From one of the papers cited in the parent article:

"A growing body of evidence in the social and medical sciences traces high
crime rates to high rates of lead exposure. Scholars have shown that lead
exposure and crime are positively correlated using data on individuals,
cities, counties, states, and nations. Reyes (2007) exploits state-specific
reductions in lead exposure due to the Clean Air Act to estimate the effect of
lead emissions from gasoline on violent crime.
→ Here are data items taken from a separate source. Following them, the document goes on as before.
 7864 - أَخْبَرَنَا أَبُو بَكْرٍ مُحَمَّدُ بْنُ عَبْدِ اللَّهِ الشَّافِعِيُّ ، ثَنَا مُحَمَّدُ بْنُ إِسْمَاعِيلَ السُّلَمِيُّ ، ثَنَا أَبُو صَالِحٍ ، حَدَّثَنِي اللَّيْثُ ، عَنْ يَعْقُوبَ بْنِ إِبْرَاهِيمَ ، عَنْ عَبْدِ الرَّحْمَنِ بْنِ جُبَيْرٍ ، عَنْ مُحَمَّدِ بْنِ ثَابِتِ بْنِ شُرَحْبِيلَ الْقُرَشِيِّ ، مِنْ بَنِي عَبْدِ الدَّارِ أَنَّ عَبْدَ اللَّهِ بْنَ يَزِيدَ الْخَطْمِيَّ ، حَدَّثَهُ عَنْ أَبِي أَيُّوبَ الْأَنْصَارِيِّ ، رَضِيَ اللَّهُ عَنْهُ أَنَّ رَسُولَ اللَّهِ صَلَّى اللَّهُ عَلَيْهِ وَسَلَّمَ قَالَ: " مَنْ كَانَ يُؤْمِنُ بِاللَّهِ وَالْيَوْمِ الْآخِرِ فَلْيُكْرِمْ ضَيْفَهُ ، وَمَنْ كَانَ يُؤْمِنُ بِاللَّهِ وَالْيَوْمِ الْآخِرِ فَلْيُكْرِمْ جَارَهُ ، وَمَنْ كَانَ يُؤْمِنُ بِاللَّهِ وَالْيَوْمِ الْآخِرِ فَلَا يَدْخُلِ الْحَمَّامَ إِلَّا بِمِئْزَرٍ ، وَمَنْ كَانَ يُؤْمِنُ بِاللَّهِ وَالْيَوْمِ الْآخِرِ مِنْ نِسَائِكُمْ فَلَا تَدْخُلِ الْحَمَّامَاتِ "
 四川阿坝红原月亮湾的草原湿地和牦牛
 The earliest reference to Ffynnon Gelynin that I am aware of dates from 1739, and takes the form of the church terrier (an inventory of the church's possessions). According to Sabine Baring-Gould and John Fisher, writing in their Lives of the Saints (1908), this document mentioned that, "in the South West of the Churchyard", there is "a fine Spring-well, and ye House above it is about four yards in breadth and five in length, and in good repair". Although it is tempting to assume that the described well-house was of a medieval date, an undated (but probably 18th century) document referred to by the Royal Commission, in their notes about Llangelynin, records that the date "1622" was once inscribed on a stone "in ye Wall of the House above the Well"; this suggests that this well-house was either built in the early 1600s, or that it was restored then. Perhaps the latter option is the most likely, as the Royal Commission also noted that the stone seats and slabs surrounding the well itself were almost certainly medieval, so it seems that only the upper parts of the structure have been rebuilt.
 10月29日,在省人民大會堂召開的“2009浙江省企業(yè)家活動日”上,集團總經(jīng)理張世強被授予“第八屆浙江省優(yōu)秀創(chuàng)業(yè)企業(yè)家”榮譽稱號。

She reports that reductions in
childhood lead exposure in the 1970s and 1980s accounted for more than half of
the violent crime decline of the 1990s.2 Stretesky and Lynch (2001) estimate
that, from 1989 to 1991, counties with air lead levels equivalent to .17 μg/m3
had homicide rates four times as high as counties with air lead levels
equivalent to 0 μg/m3. Mielke and Zahran (2012) show that air lead and
aggravated assault rates were strongly associated in a panel of U.S. cities.
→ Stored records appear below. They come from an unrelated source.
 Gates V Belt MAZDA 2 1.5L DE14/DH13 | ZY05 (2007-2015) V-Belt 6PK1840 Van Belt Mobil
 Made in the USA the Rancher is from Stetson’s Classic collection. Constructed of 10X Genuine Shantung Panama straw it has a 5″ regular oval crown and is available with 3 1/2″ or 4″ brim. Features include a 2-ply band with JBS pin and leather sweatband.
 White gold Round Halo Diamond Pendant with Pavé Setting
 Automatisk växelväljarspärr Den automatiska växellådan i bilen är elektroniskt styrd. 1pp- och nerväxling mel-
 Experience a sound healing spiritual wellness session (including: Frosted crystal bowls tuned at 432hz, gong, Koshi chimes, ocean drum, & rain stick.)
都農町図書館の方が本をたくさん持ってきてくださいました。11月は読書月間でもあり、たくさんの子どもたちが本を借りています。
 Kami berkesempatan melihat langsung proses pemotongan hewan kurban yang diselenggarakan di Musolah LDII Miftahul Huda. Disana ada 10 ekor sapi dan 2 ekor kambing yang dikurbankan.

Longitudinal studies of individuals document a positive relationship between
pre- and post-natal lead exposure and delinquency (Dietrich et al., 2001) and
arrests for violent offenses (Wright et al., 2008). Cross-sectional research
on individuals (Denno, 1990; Needleman et al., 1996, 2002) and counties
(Stretesky and Lynch, 2004), studies using cross-national panel data (Nevin,
2007), and analyses of national time-series (Nevin, 2000) have yielded similar
results."

Are each of these going to be able to factor for every possible confounder you
can think of? No. But it's not like they aren't controlling for anything.
That's the whole gist of the parent article - three studies using three new
ways of controlling for other variables. Have you seen multitudes of studies
that point to any of those other confounder you mention having better
evidence, across time and geography, while controlling for lead and all the
other possible confounders? Again, nobody is arguing that there are no other
factors. And nobody has a precise answer on just how much, because it's
impossible. But all studies point to: very large effects, still happening in
some cases, and largely preventable:
[https://www.dropbox.com/s/07z65p9a5wdppfl/LifeAfterLead_AEJ_...](https://www.dropbox.com/s/07z65p9a5wdppfl/LifeAfterLead_AEJ_Revision_3_16_17_wRevNotes.pdf?dl=0)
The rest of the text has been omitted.